The main objective here is to ensure that the product fulfills the purpose for which it is being bought. The basic job of the logistic manager is to understand the type, brand and detailed specification of the products required. It is then the job of the customer to examine and approve of the technical specifications of the product. For example, in case of plant equipment and tools, the specifications are to be passed by plant engineer. The office machinery and stationary are to be approved by the office in charge. Similarly it is the duty of the distributor to explain the requirements of the customers.
Every company needs to know the correct time at which the materials be purchased without delaying the process of production. Time taken from requisition of material to examination of the materials constitute total lead time of the organization. It includes supplier time, logistics time, and physical verification time in the whole progress. It will give an idea to the purchase department about the level at which the order for new material be placed so that it won’t affect the working of the organization.

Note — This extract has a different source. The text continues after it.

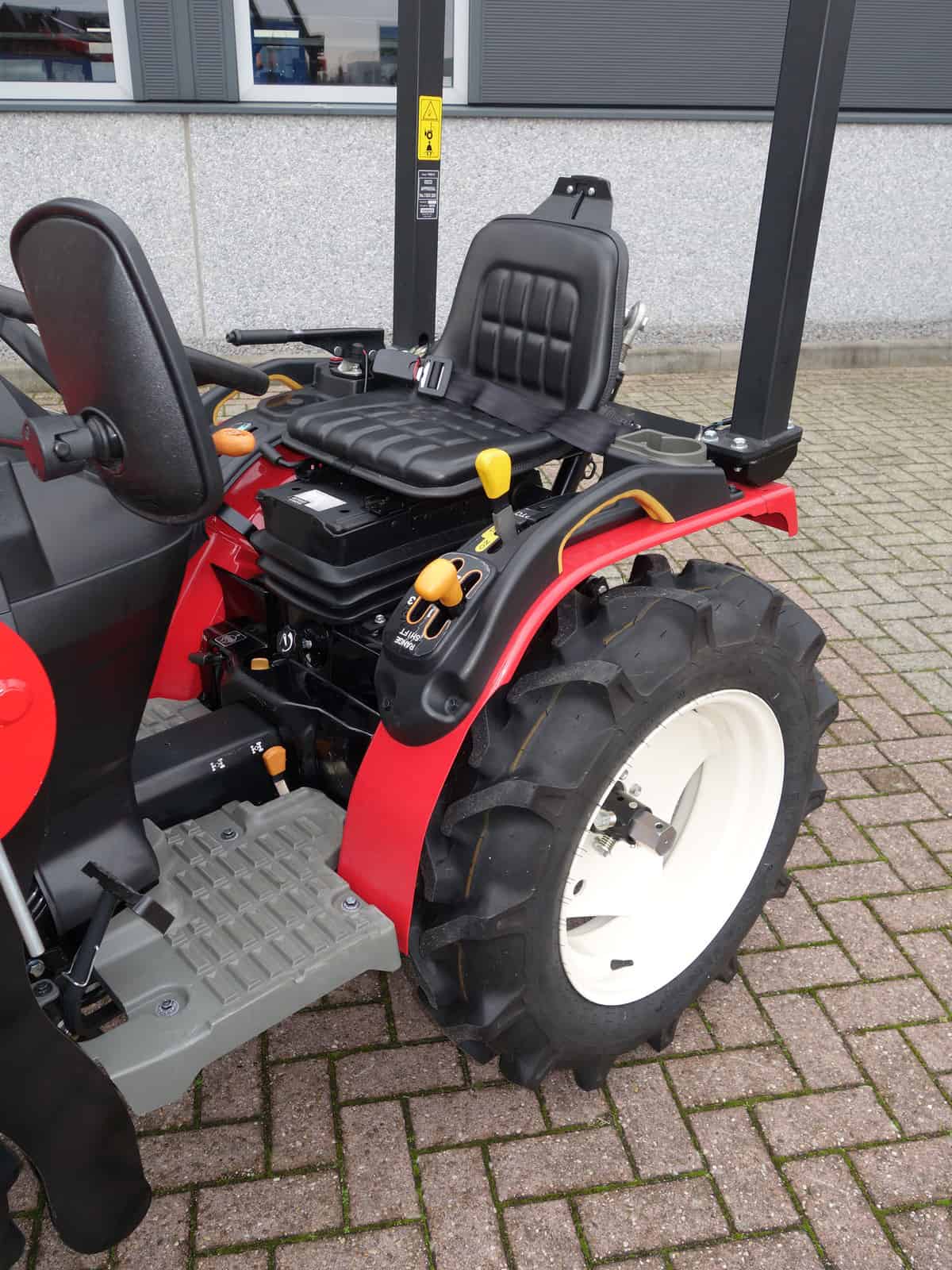 De nieuwste generatie proffesionele YANMAR GK-160 tractoren blinken uit in design, compactheid compleetheid en overzichtelijkheid! Om te beginnen het DESIGN, oordeelt u zelf over uiterlijk, wij zeggen hier unaniem; Smaakvol ontworpen met een hoog afwerkingsniveau, goed gedaan YANMAR!! Het meest elegant zijn wel de schijnwerpers aan de voorzijde in de frontgrill, stoer en zeer functioneel. Dan de COMPACTHEID, De ontwerpers hebben naast het design ook grote aandacht geschonken aan de compactheid en ergonomische plaatsing van de diverse bedieninghandles. Doorontwikkeling levert dit technisch hoogstaande eindproduct, en ook op dit punt; Kijk en vergelijk!! Ten derde de COMPLEETHEID van trekker is zeer groot doordat de trekker is uitgevoerd met de volgende opties; Fronttrekhaak, Stuurbekrachtiging, Omkeerschakeling onder het stuur, Zijschakeling, Hoge en Lage gearing. In- en Uitschakelbare 4wd, Hef, Aftakas, Topstang, Ondertrekhaak, Opklapbare Veiligheidsbeugel, Wegverlichting, Spiegel, Aanhangwagenverlichtingsstekker, Grote wielen, enz. enz. Tot slot de OVERZICHTELIJKHEID dit is eigenlijk de samenvatting van hetgeen hierboven omschreven, het eindproduct, de YANMAR GK-160 POWER STEERING. Nog even wat technische details op een rijtje; Krachtige 16 Pk 3 cilinder dieselmotor, Direct ingespoten (starten zonder te gloeien). Hefvermogen achterzijde 550 Kg.

The most important decision for a logistics manager is to decide about the quantity of material to be bought and amount of goods to be supplied to the customers. The quantity bought should be such that it leads to minimization of total cost. Buying more will result in more carrying cost and less ordering cost and buying less will result in lower carrying cost but higher ordering cost. Hence optimal cost can only be reached through Economic Order Quantity.
The ultimate objective of every business is to earn a profit. Hence, deciding on the fair price of the product is a very important step in the whole logistics process. Generally, the final price is dependent on many factors such as raw material prices, efficiency of manufacturing process, availability of labor at reasonable prices, availability of other factors of production, prices offered by other competitors, cost of transportation and warehousing and margins or commissions offered to the distributors.